Saturday, January 16, 2010

I have no idea what is going on in life.

I wanted to write last night and my internet wasn't working. I hate that my internet doesn't work here all the time. Mostly it makes me miss writing here when I have things I need to work through. It doesn't work so well when I'm just writing in a word processor. I'm mostly afraid I'll lose it. My computer will die or a virus will spread or some horrible thing will happen and all my words will be gone. Yes, I back them up on an external hard drive, but this is instant. And then there is the feeling that my words ARE me. That if someone wanted to, they could just know me simply through these words. The truest, most honest version of myself. The version that isn't afraid of blushing or seeing that facial expression. The version that just wants to talk and be heard. I can be that girl here in this box.

I wonder sometimes what I look like to other people. And who I really am. Am I the person I see myself as? Because I know that I, and most other people, am painfully unaware of many things I might be. Am I the person other people see me to be? Because each one of them has a different Sarah Jo. Which is it? Maybe we aren't things that can be defined and listed and explained. Like trying to hold an armful of ocean water. Which direction is it going?
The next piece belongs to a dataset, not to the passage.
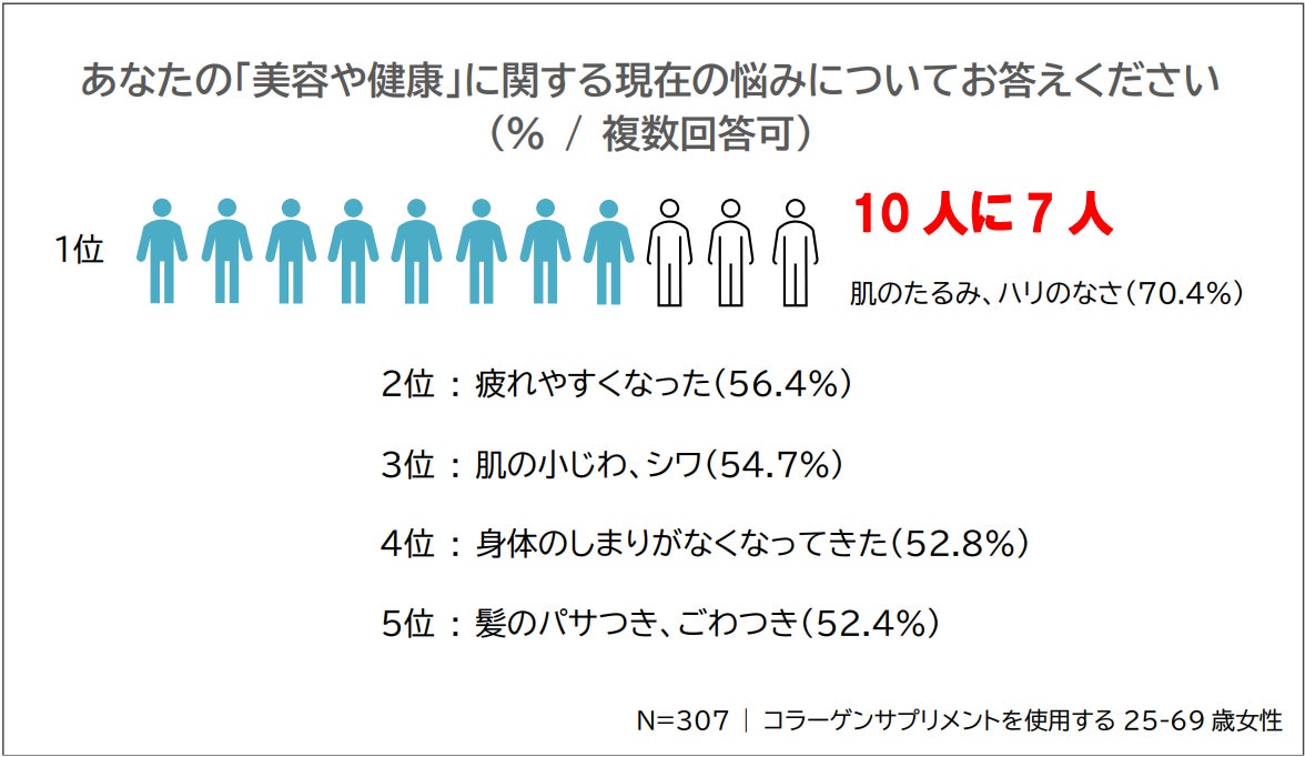■コラーゲンサプリ使用者の悩み、7割が「肌のたるみ、ハリのなさ」、5割が「疲れやすさ」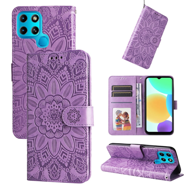 Estuche para Teléfono Infinix Smart 6 Cuero con Estampado de Girasol en Relieve (Púrpura)

I feel like underneath my skin is just a giant vacuum of WANT. A force never satisfied with what I already have. I have learned so much. I WANT to learn more. I have become so much stronger, so much healthier. I WANT to be stronger, healthier. I get so much of his time and attention. I WANT more time, different kinds of attention. I have experienced so many beautiful, wonderful things. I WANT to see, hear, feel, experience, imagine, do more. Always wanting.

Of course I am often satisfied. Nearly always filled with this soul-deep contentment that is comprised of gratefulness, optimism, and joy. I am so glad for these people in my life. I love so much this new body that I have. Look at this car I get to drive and this bed I get to sleep in and how the sky has its own emotions and how the beauty of the natural world is so much that I can't even wrap my mind around it. I can't even fully appreciate it because I could never, ever see and understand the layers of detail. I am happy.
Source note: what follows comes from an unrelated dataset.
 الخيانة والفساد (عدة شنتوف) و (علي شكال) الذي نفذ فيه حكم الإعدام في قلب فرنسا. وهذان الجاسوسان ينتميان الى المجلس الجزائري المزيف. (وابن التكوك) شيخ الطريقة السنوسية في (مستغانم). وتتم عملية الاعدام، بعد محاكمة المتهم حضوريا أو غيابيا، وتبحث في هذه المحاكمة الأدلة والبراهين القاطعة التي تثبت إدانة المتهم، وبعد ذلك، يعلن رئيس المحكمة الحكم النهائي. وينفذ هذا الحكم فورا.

Books and movies give me this false sense of...sense. They end. And most of the time all the problems are solved and everyone is happy or they aren't. But there is a story line. The plot line runs like a seam through the story. Sometimes it seems confusing and you can't quite pick it out among the chaos, but there it is. A promise that the author is leading you by the hand. This will make sense in the end. Even if you hate it.

But we don't get plots. There is no rising action and resolution that leaves us feeling satisfied. And where does the story begin? No it is a series rising and falling. Starting over and falling down. Climbing up the next hill but you never climbed down the last. And here is a rope bridge over a ravine. Do you think you'll be okay? It does not make sense. Often we look back over the memories and create stories to help us make sense of our own lives. The stories of ourselves. But I don't know how much of them is true and how much is dependent on the memories you include, the memories you disregard.
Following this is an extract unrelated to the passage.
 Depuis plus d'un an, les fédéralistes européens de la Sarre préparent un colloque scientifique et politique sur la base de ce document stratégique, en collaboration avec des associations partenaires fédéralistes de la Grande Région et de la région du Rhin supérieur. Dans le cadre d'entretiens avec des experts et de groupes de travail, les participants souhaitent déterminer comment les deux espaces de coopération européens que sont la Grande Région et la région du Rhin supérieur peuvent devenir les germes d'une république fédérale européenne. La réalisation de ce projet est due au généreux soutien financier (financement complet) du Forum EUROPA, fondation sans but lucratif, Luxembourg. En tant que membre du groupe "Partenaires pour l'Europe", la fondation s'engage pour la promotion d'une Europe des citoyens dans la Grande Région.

I want so much to know how it all turns out. I wish someone could promise me that it all turns out okay in the end. Better than okay.

I spent time with Nika last week. I hadn't really seen her in a very long time. Spending time with Nika made me feel better about myself. She seems to see some person that is greater than I am when she looks at me. Someone witty and articulate and funny. She laughs at things I say and tells me I say everything just the right way. She delights over my facial expressions and calls me things like strong and wise and mature. And she tells me what she is feeling and experiencing in a very self-aware, insightful way. Like she can see the reason behind the madness in the world. Like she can pick out the lessons needed to be learned from every trial. And she makes me feel hopeful. Perhaps everything does happen for a reason. Perhaps it will really turn out okay in the end.

But mostly, she makes me feel like a person worth loving. No, like a person that deserves to be loved. Easy to love. Not someone who might find someone someday. No, like it is inevitable that some man is going to really see me and fall in love with me and want me. And we will get on each others nerves sometimes. We won't understand one another and have moments where it seems like a stranger stands before us where our loved one used to be. We will get angry and hurt and confused at the things we keep doing to one another. But we will find a greater love than we have ever known. We will find the kind of understanding, kindess, joy, and companionship that make living with another person worth while. She makes me feel like some day this man is going to see that greater person in me and I'll always, always be better for it. And I'll do the same for him.

I don't usually understand what is going on all around me. I don't understand what is going on INSIDE me most of the time. I sure hope everyone else is this confused.